Digital Transformation as a Catalyst for Multidimensional Sustainable Business Performance: Policy Moderation and Empirical Insights from Global Industries

Authors

  • Sarah Johnson

    Department of Business Administration, Harvard University, Cambridge, MA 02138, USA

Abstract

Amid the global climate crisis and urgent UN Sustainable Development Goals (SDGs), sustainable business has shifted from a "peripheral strategy" to a core driver of corporate long-term value. This study integrates six key sustainable business dimensions (circular economy, corporate responsibility, etc.) to explore how digital technologies (AI, IoT, big data) optimize sustainable practices.
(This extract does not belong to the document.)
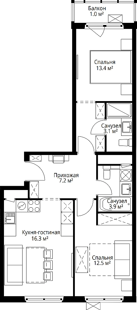 Купить 2к квартиру 65 м² в ЖК 1‑й Химкинский

Using a mixed-methods approach, it includes a 2022-2024 quantitative survey of 523 firms (manufacturing, tourism, services) and qualitative case studies of 4 leaders (BYD, Airbnb, JD Logistics, Unilever). Results show: (1) Digital transformation boosts circular economy resource efficiency by 37.2% via IoT real-time monitoring; (2) Stakeholder engagement, mediated by transparent CSR reporting, correlates with financial performance (r=0.62, p<0.01); (3) Regional policy heterogeneity (EU Green Deal vs. China’s "Dual Carbon") affects transition speed, with emerging economies needing targeted support. The study provides theoretical and practical guidance for digital-sustainable integration.